Supplied material Start Marker

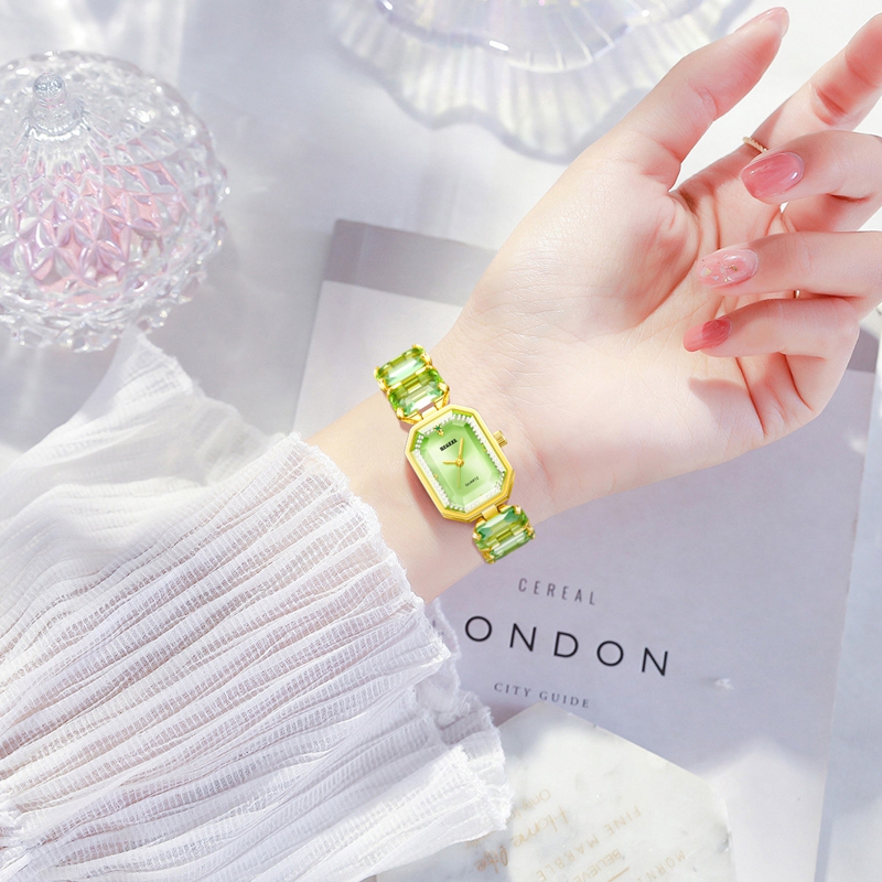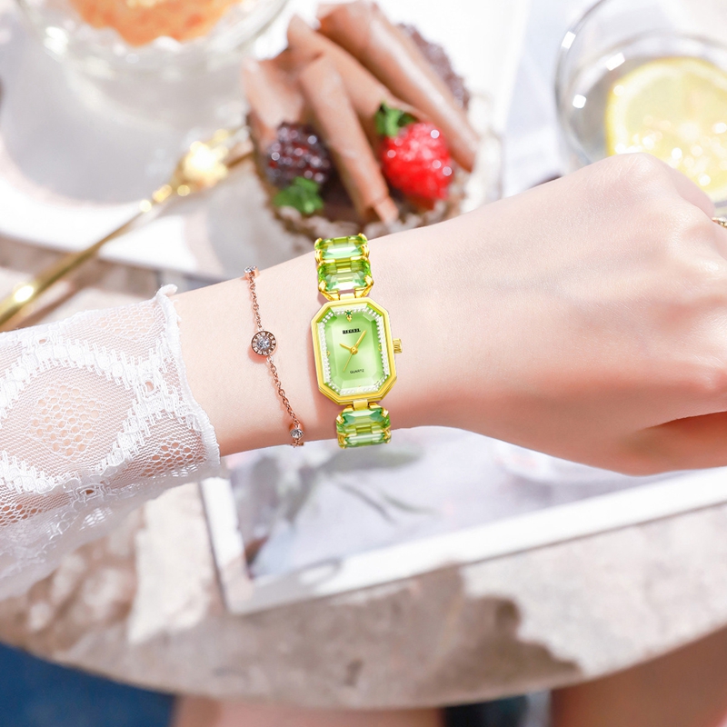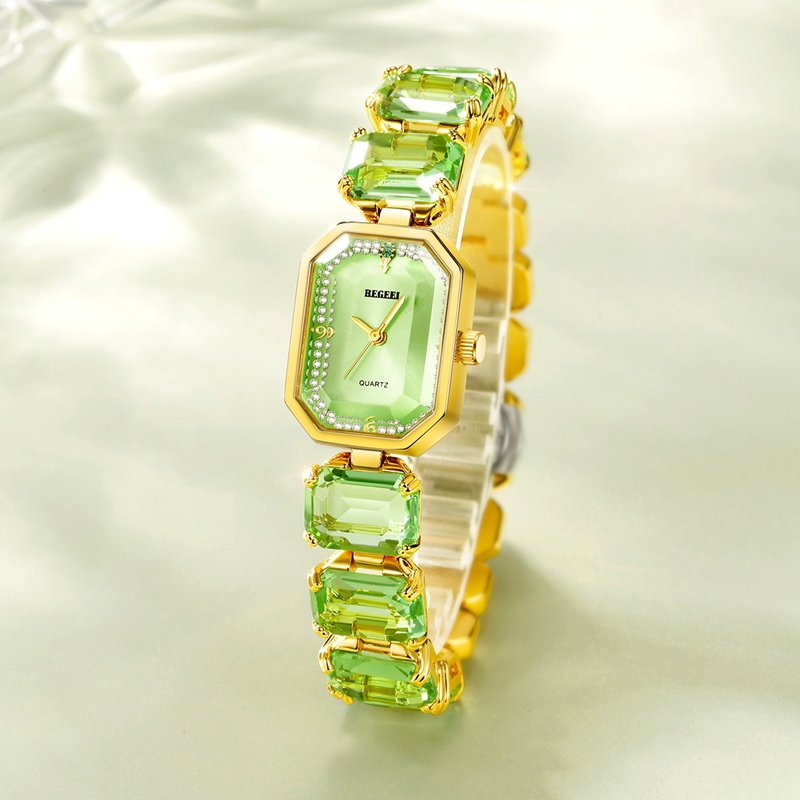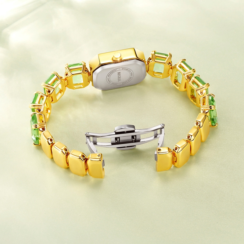 表帶:電鍍真金,鑲嵌8顆方形晶鉆
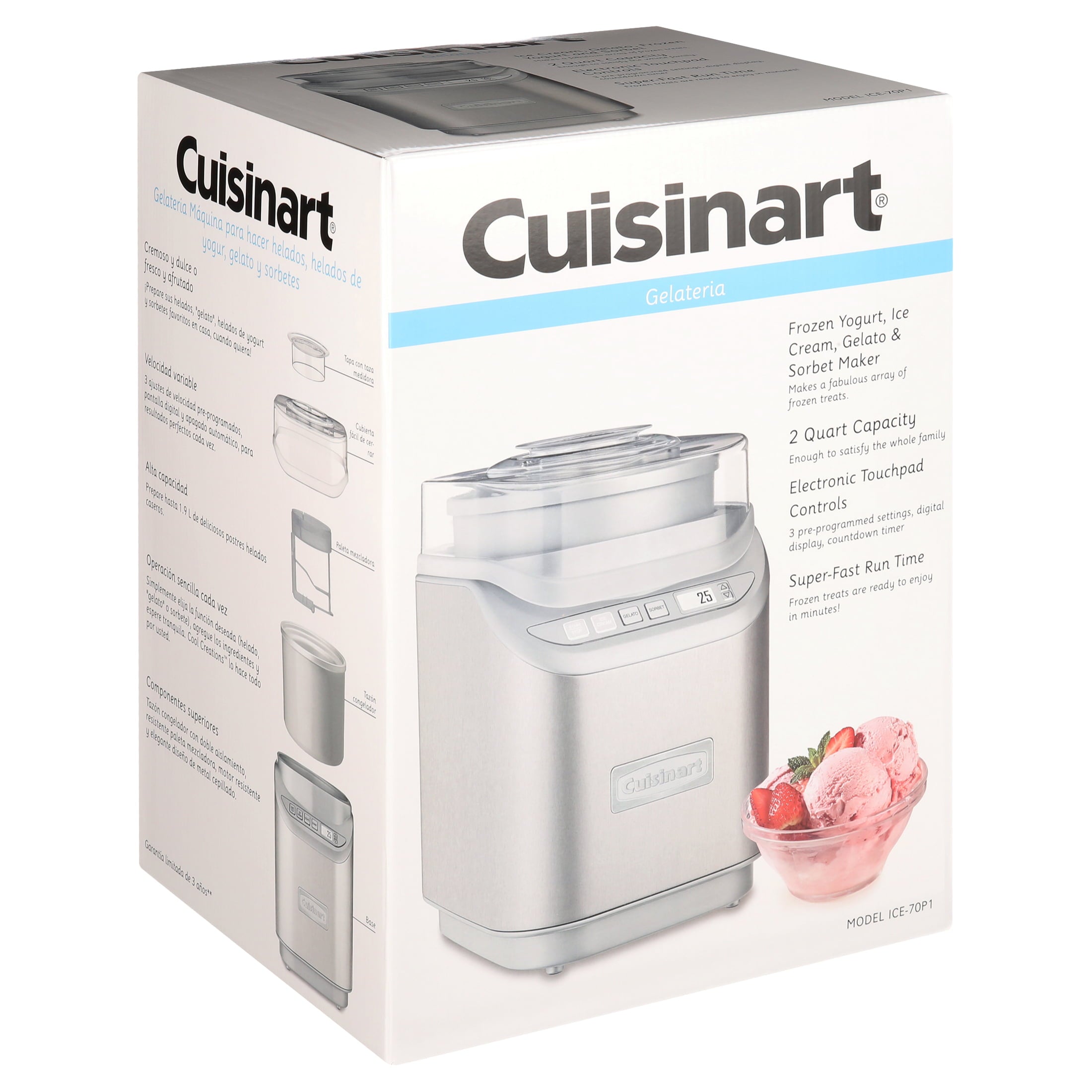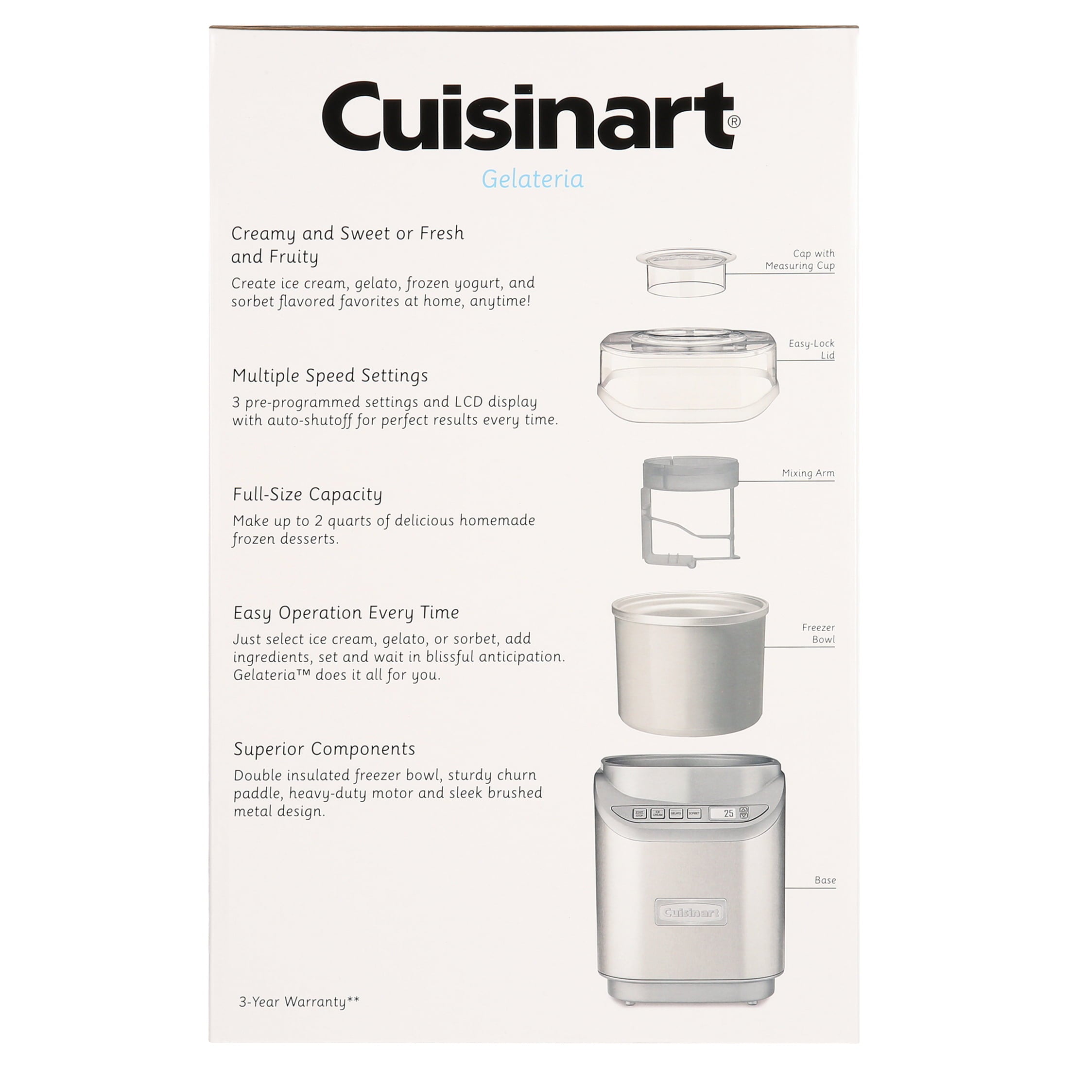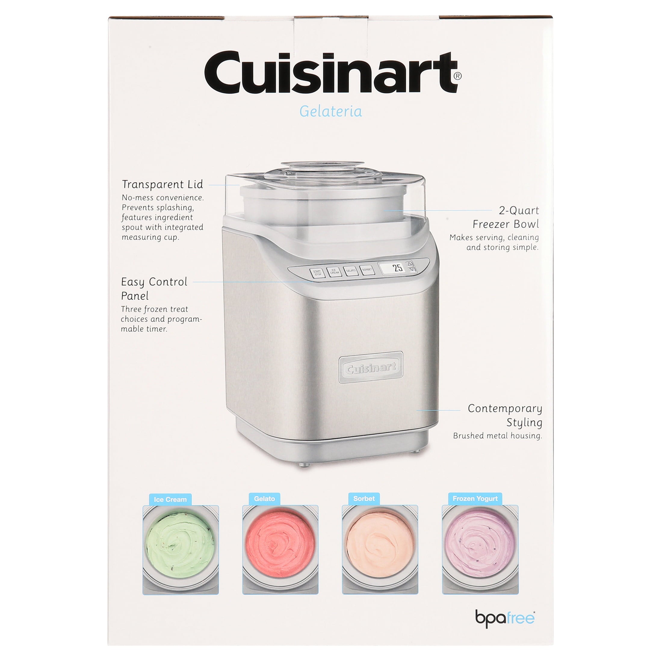 At the touch of one button, you can create two quarts of delicious frozen treats with the Cool Creations™ Ice Cream Maker in just 20 minutes. Making homemade ice cream, gelato, frozen yogurt, and sorbet of any type in any flavor couldn’t be easier with one-button operation for ice cream, gelato, and sorbet, convenient LCD time programming, and auto shutoff. The unique paddle makes fast work of processing. The sleek brushed metal housing makes it look as good as the treats it creates for your family and friends.
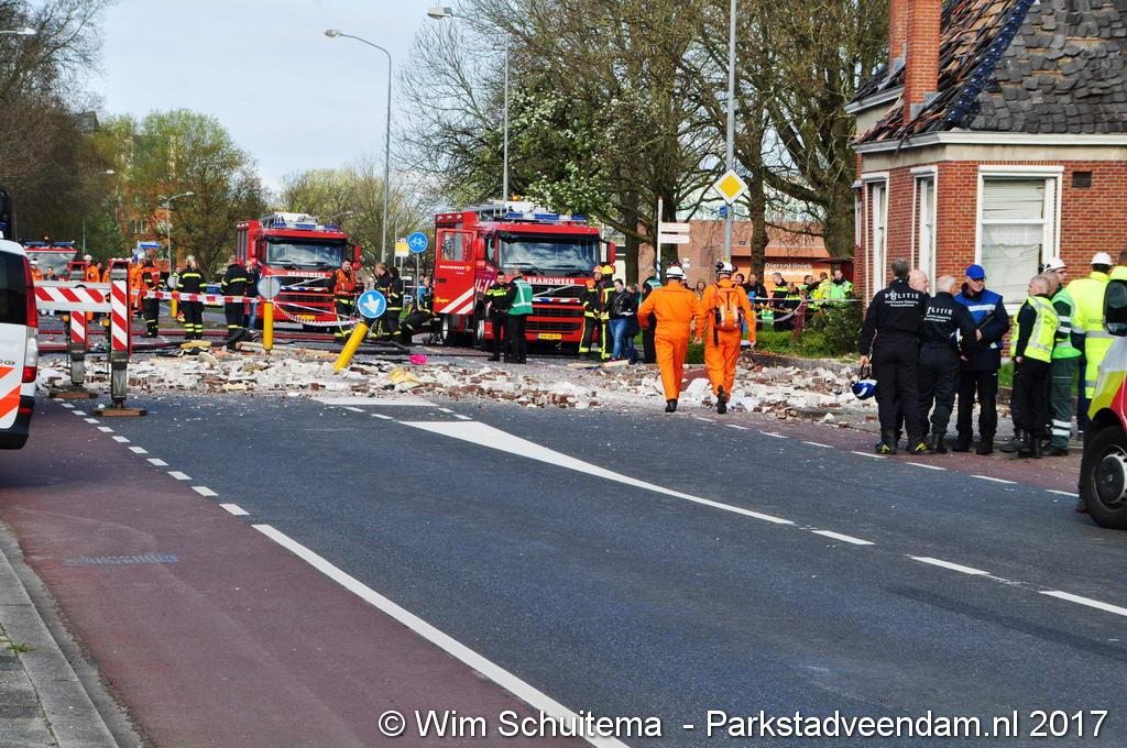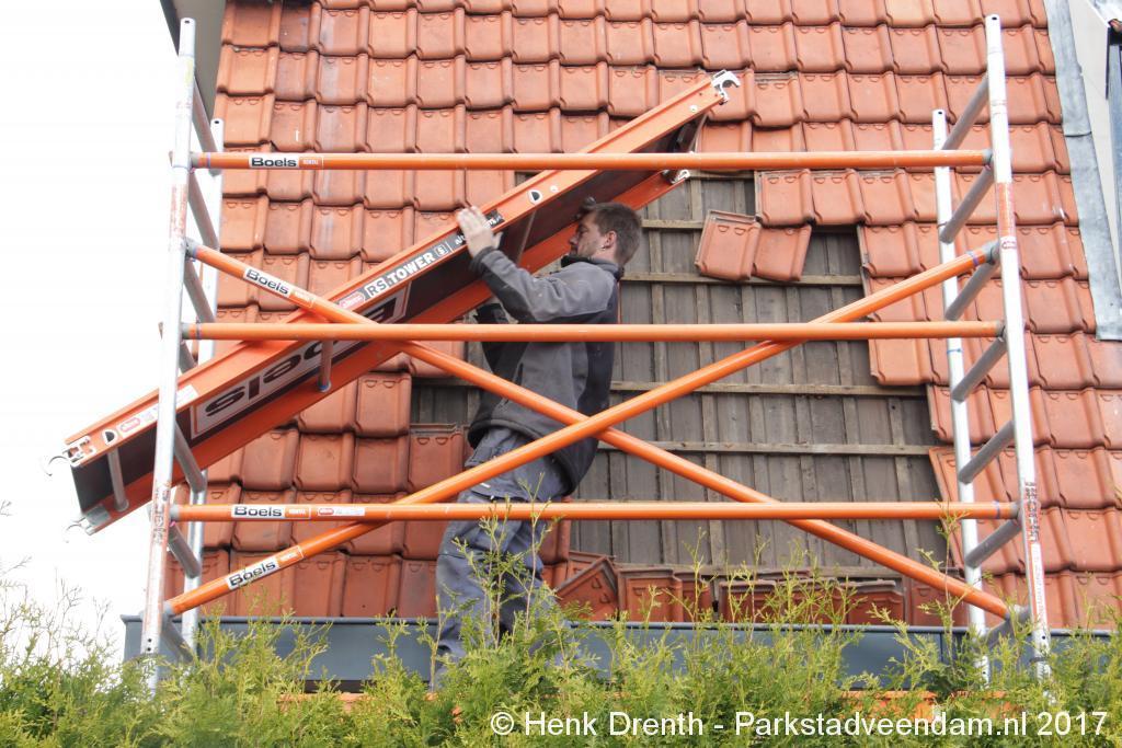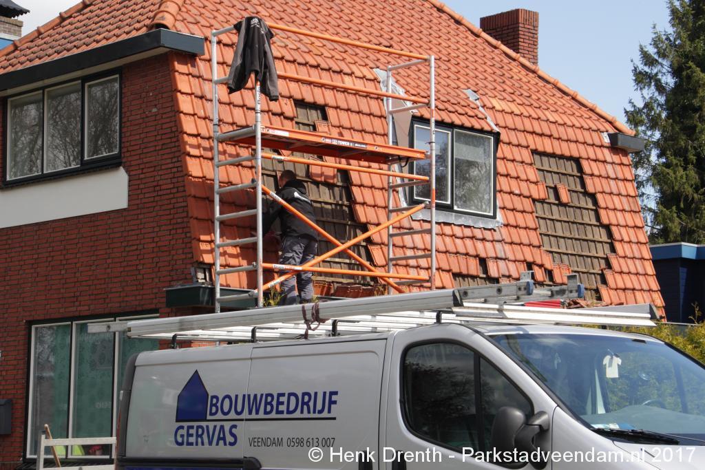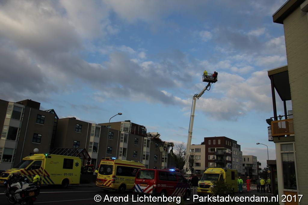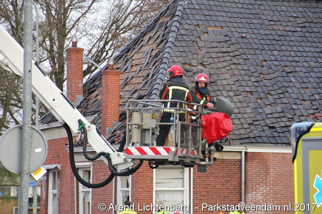 De aannemer was inmiddels aan de slag gegaan met het herstellen van het dak. Tachtig woningen blijven voor onbepaalde tijd verstoken van gas en elektriciteit.

Supplied material End Marker

→ **Exercise directions**
Without altering anything, output all the lines above but none of the images.

→ **The completed task**
 表帶:電鍍真金,鑲嵌8顆方形晶鉆
 At the touch of one button, you can create two quarts of delicious frozen treats with the Cool Creations™ Ice Cream Maker in just 20 minutes. Making homemade ice cream, gelato, frozen yogurt, and sorbet of any type in any flavor couldn’t be easier with one-button operation for ice cream, gelato, and sorbet, convenient LCD time programming, and auto shutoff. The unique paddle makes fast work of processing. The sleek brushed metal housing makes it look as good as the treats it creates for your family and friends.
 De aannemer was inmiddels aan de slag gegaan met het herstellen van het dak. Tachtig woningen blijven voor onbepaalde tijd verstoken van gas en elektriciteit.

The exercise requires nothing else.